Colloquium – Norm Farb – Uncomfortably Numb: Depression Vulnerability as Sensory Avoidance and its Potential Resolution
Mar 2, 2023
2:30PM to 4:00PM
Date/Time
Date(s) - 02/03/2023
2:30 pm - 4:00 pm
Title: Uncomfortably Numb: Depression Vulnerability as Sensory Avoidance and its Potential Resolution
Bio: Norman Farb, PhD, is an Associate Professor of Psychology at the University of Toronto Mississauga, where he directs the Regulatory and Affective Dynamics laboratory (www.radlab.zone). He studies the psychology of well-being, focusing on mental habits, such as how we think about ourselves and interpret our emotions. He is particularly interested in why people differ in their resilience to stress, depression, and anxiety. He is currently exploring online training to support wellbeing, and neuroimaging to understand how emotional reactions predict mental health over the lifespan.

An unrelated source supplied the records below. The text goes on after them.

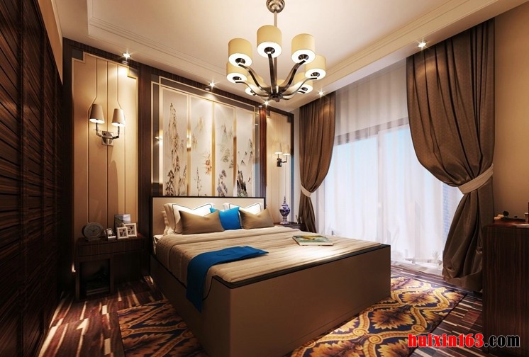 卧室古典元素与现代材质的巧妙兼柔,家具、窗棂、布艺床品相互辉映,再现了移步变景的精妙小品,将其中的经典元素提炼并加以丰富,同时改变原有空间布局中等级、尊卑等封建思想,卧室干净利落、简洁的设计,简单的色调。给传统家居文化注入了新的气息。整体看上去舒服,清爽,又显得安逸。顶面上采用射灯照明,光线更加的均匀明亮。
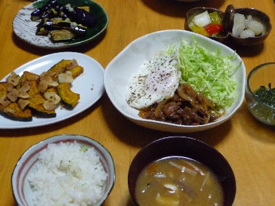 (牛焼肉炒め〔牛小間切れ肉、玉ねぎ、焼肉のタレ〕、キャベツの千切り、目玉焼き)
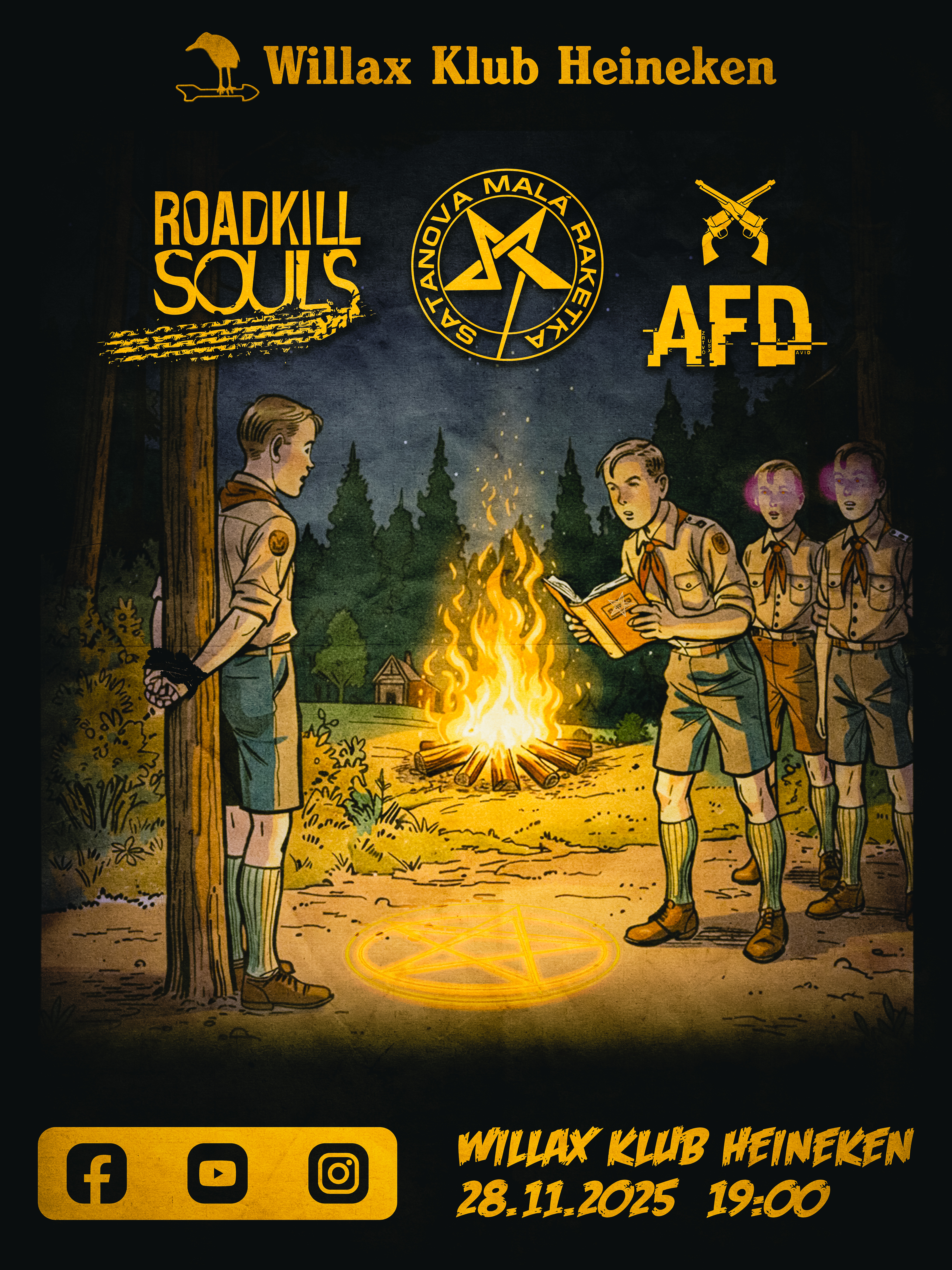 V Mladé Boleslavi v klubu Willax Heineken vystoupí 28.11. kapely Satanova Malá Raketka, All Friends Dead a Roadkill Souls. Doražte!

Abstract: Depression is the leading cause of disability worldwide. While initial episodes of Depression may serve as understandable responses to devastating life events, later episodes seem to be largely promoted via activation of internal schema, as though falling into depression has become a sort of cognitive expertise. What is driving this increased vulnerability? Contrary to general conceptions of depression as a state of being overwhelmed and flooded with negative emotion, emerging neuroimaging data suggests that depression vulnerability may actually be driven by stress-evoked sensorimotor inhibition, consistent with subjective reports of numbing, anhedonia, and psychomotor slowing. Drawing neuroimaging evidence from both a distressed community sample (N=36) and a prospective trial of participants with remitted depression (N=85), Prof. Farb will discuss an emerging model of depression vulnerability as a deeply entrenched, stress-reactive, sensory avoidance habit. Sense “foraging” practices may therefore provide a methodology for extinguishing depressogenic habits, with emerging efficacy from areas such as mindfulness training, exercise, cognitive therapy, psychedelics, art therapy, and exposure to nature.